(Beginning of Given data)
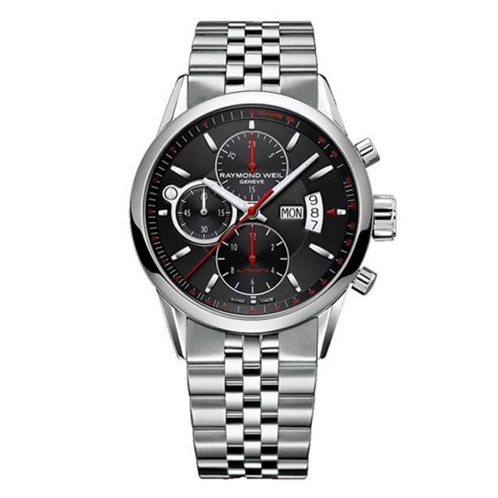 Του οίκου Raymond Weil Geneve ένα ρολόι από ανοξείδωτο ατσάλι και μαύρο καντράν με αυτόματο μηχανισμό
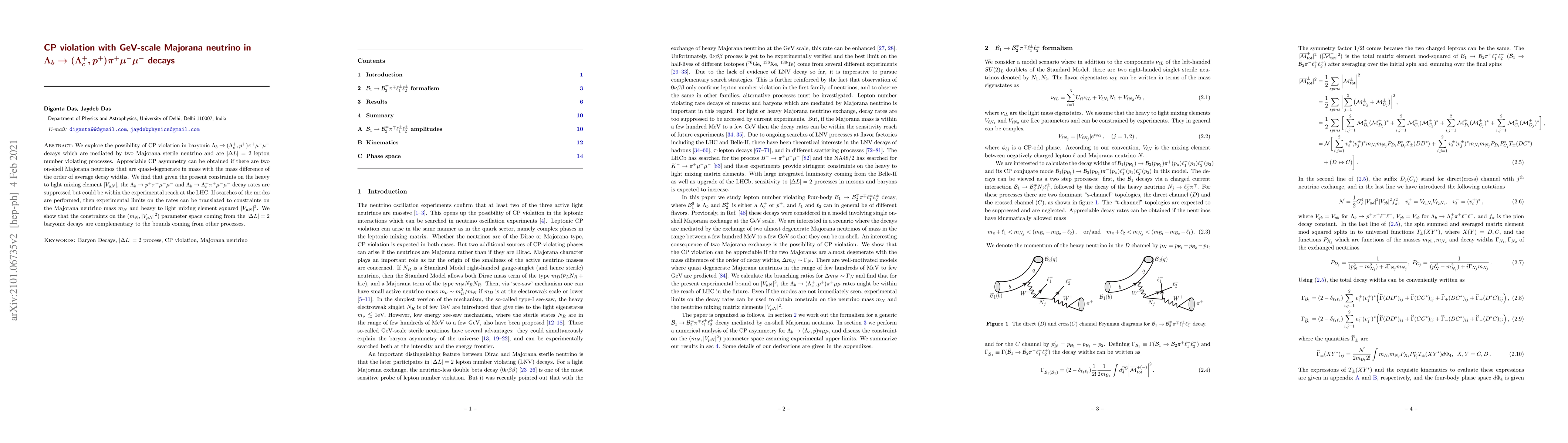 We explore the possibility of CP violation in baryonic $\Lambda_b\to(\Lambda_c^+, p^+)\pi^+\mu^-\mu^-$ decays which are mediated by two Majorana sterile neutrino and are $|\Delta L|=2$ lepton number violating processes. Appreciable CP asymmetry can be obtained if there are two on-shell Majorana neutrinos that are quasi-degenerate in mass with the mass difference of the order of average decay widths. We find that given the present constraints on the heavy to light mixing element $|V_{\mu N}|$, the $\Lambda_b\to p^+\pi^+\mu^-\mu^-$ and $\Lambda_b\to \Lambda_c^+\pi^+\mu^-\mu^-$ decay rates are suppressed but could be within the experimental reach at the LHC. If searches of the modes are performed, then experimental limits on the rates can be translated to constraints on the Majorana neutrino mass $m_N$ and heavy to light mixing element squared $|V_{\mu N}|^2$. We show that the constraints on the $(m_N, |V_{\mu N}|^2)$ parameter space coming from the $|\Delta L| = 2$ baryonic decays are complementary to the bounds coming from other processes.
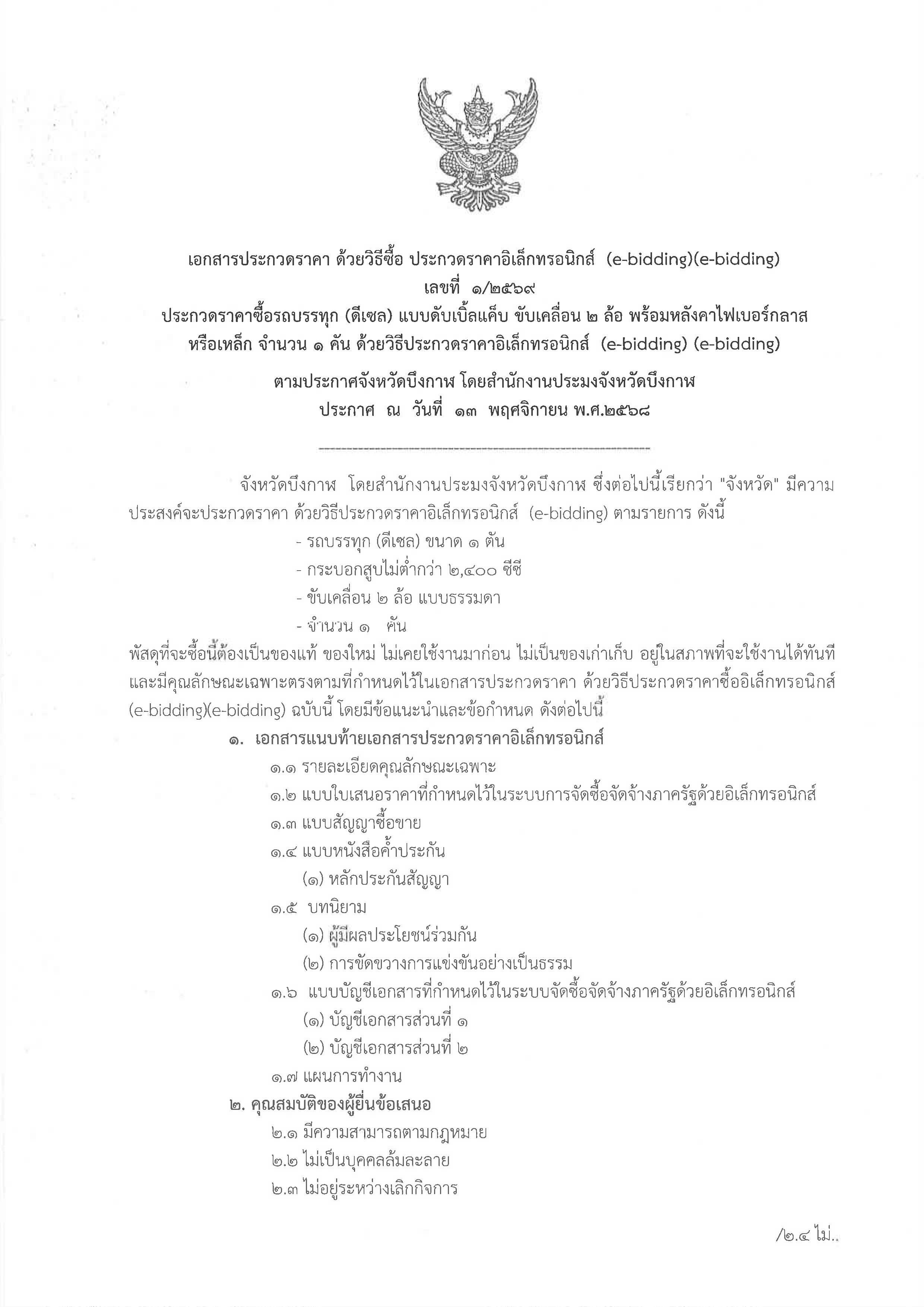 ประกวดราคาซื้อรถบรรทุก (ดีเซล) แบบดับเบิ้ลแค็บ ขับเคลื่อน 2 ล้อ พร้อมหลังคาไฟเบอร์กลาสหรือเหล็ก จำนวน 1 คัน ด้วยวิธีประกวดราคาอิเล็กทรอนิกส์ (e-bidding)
(End of Given data)
What the task asks >>
In your transcription of the listing above, match each line exactly and include no pictures.

Answer to the exercise >>
 Του οίκου Raymond Weil Geneve ένα ρολόι από ανοξείδωτο ατσάλι και μαύρο καντράν με αυτόματο μηχανισμό
 We explore the possibility of CP violation in baryonic $\Lambda_b\to(\Lambda_c^+, p^+)\pi^+\mu^-\mu^-$ decays which are mediated by two Majorana sterile neutrino and are $|\Delta L|=2$ lepton number violating processes. Appreciable CP asymmetry can be obtained if there are two on-shell Majorana neutrinos that are quasi-degenerate in mass with the mass difference of the order of average decay widths. We find that given the present constraints on the heavy to light mixing element $|V_{\mu N}|$, the $\Lambda_b\to p^+\pi^+\mu^-\mu^-$ and $\Lambda_b\to \Lambda_c^+\pi^+\mu^-\mu^-$ decay rates are suppressed but could be within the experimental reach at the LHC. If searches of the modes are performed, then experimental limits on the rates can be translated to constraints on the Majorana neutrino mass $m_N$ and heavy to light mixing element squared $|V_{\mu N}|^2$. We show that the constraints on the $(m_N, |V_{\mu N}|^2)$ parameter space coming from the $|\Delta L| = 2$ baryonic decays are complementary to the bounds coming from other processes.
 ประกวดราคาซื้อรถบรรทุก (ดีเซล) แบบดับเบิ้ลแค็บ ขับเคลื่อน 2 ล้อ พร้อมหลังคาไฟเบอร์กลาสหรือเหล็ก จำนวน 1 คัน ด้วยวิธีประกวดราคาอิเล็กทรอนิกส์ (e-bidding)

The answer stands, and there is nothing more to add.